2009 derecho striking the Southern Midwest of the USA

The tornado outbreak and derecho of May 8, 2009, colloquially known as the 2009 Super Derecho, was an extreme progressive derecho, tornado outbreak, and mesoscale convective vortex (MCV) event that struck southeastern Kansas, southern Missouri, and southwestern Illinois on May 8, 2009. Thirty-nine tornadoes, including two of EF3 strength on the Enhanced Fujita Scale, were reported in addition to high non-tornadic winds associated with the derecho and MCV. Due to the abnormal shape of the storm on radar and the extremely strong winds, many called this an "inland hurricane." Notably, this storm had a defined eye akin to a tropical storm, which occurred alongside intense sustained winds of 70–90 mph at the surface level, not associated with the bowing convection typical of a derecho.

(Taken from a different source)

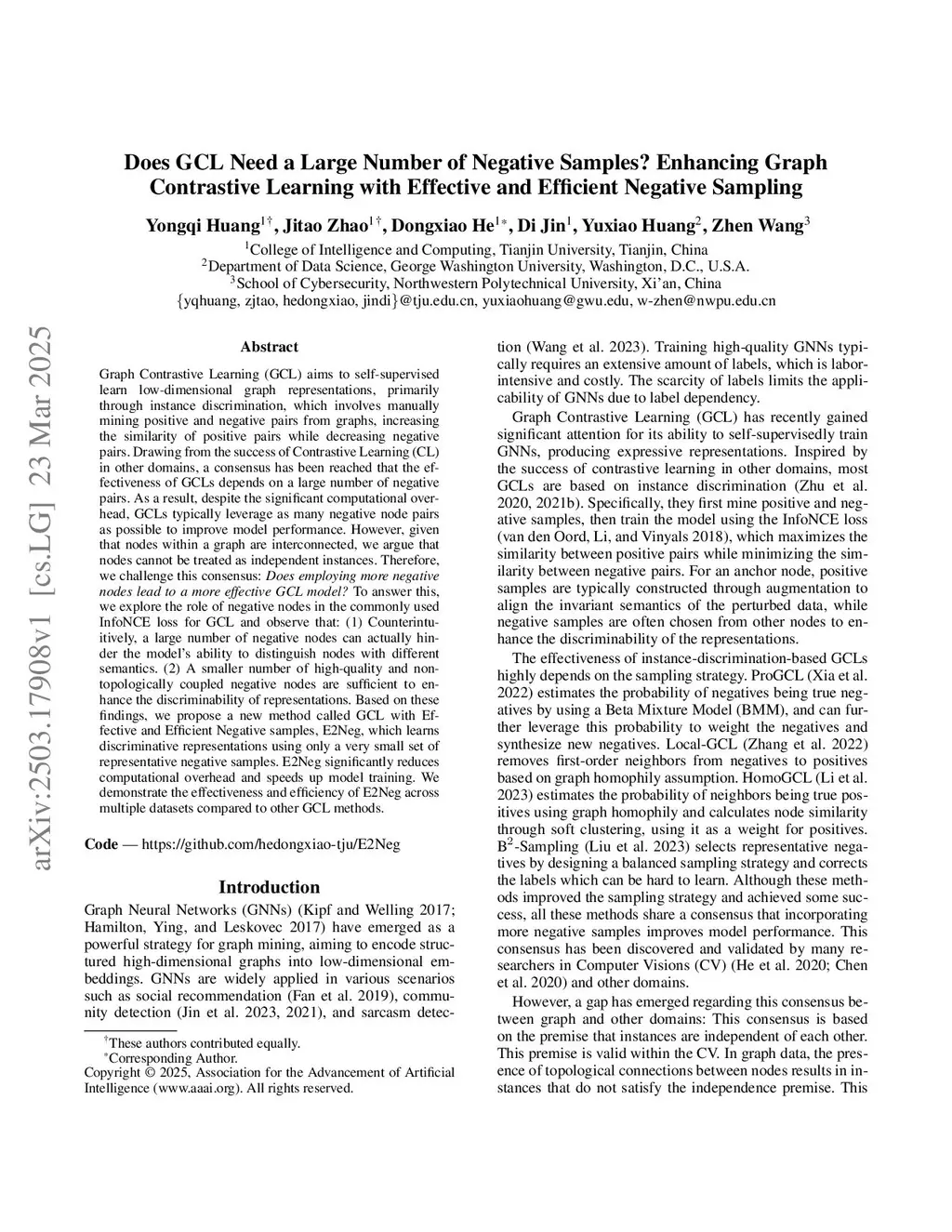 Graph Contrastive Learning (GCL) aims to self-supervised learn low-dimensional graph representations, primarily through instance discrimination, which involves manually mining positive and negative pairs from graphs, increasing the similarity of positive pairs while decreasing negative pairs. Drawing from the success of Contrastive Learning (CL) in other domains, a consensus has been reached that the effectiveness of GCLs depends on a large number of negative pairs. As a result, despite the significant computational overhead, GCLs typically leverage as many negative node pairs as possible to improve model performance. However, given that nodes within a graph are interconnected, we argue that nodes cannot be treated as independent instances. Therefore, we challenge this consensus: Does employing more negative nodes lead to a more effective GCL model? To answer this, we explore the role of negative nodes in the commonly used InfoNCE loss for GCL and observe that: (1) Counterintuitively, a large number of negative nodes can actually hinder the model's ability to distinguish nodes with different semantics. (2) A smaller number of high-quality and non-topologically coupled negative nodes are sufficient to enhance the discriminability of representations. Based on these findings, we propose a new method called GCL with Effective and Efficient Negative samples, E2Neg, which learns discriminative representations using only a very small set of representative negative samples. E2Neg significantly reduces computational overhead and speeds up model training. We demonstrate the effectiveness and efficiency of E2Neg across multiple datasets compared to other GCL methods.
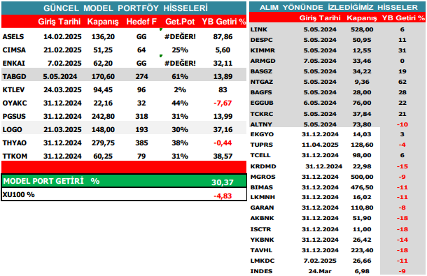 GÜNCEL HİSSE ÖNERİLERİNİ KAÇIRMAMAK İÇİN BURAYA TIKLAYARAK HEMEN X'TE BİZİ TAKİP EDİN!

A new proper class of storm, the "super derecho", has been used to describe this event after analysis in 2010. Embedded supercells produced hail up to baseball size in southern Missouri, a rare event in a derecho. A wind gust of 106 mph was recorded by a backup anemometer at the Southern Illinois Airport after official National Weather Service equipment failed. This derecho was the last of a series of derechos that occurred at the beginning of May.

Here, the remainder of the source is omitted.